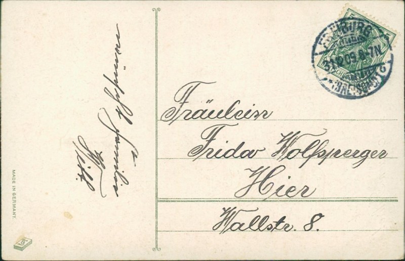 Alte Ansichtskarte, gelaufen am 31.12.1909 von Freiburg (Breisgau) nach Freiburg.
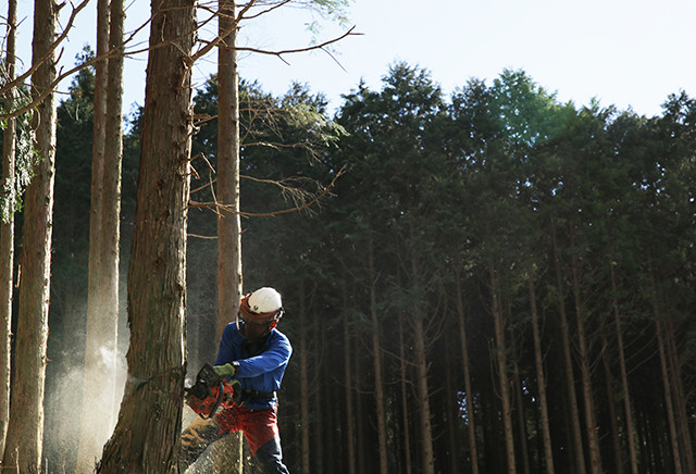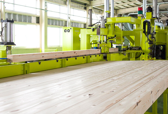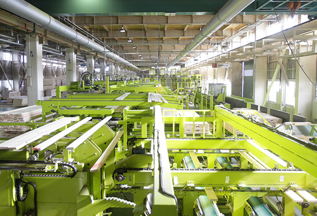 材木を原木から直接仕入れ、自社工場や提携工場で製材・加工し、販売に至るまですべて一貫して行っています。
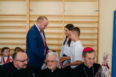 Obchody rozpoczęły się uroczystą mszą świętą pod przewodnictwem księdza biskupa Stanisława Salaterskiego. Liturgię uświetniła oprawa muzyczna przygotowana przez szkolną scholę, grono pedagogiczne oraz rodziców.

+++

_Task description_. Without any pictures, repeat the listing exactly.

_Result of the task_.
 Alte Ansichtskarte, gelaufen am 31.12.1909 von Freiburg (Breisgau) nach Freiburg.
 材木を原木から直接仕入れ、自社工場や提携工場で製材・加工し、販売に至るまですべて一貫して行っています。
 Obchody rozpoczęły się uroczystą mszą świętą pod przewodnictwem księdza biskupa Stanisława Salaterskiego. Liturgię uświetniła oprawa muzyczna przygotowana przez szkolną scholę, grono pedagogiczne oraz rodziców.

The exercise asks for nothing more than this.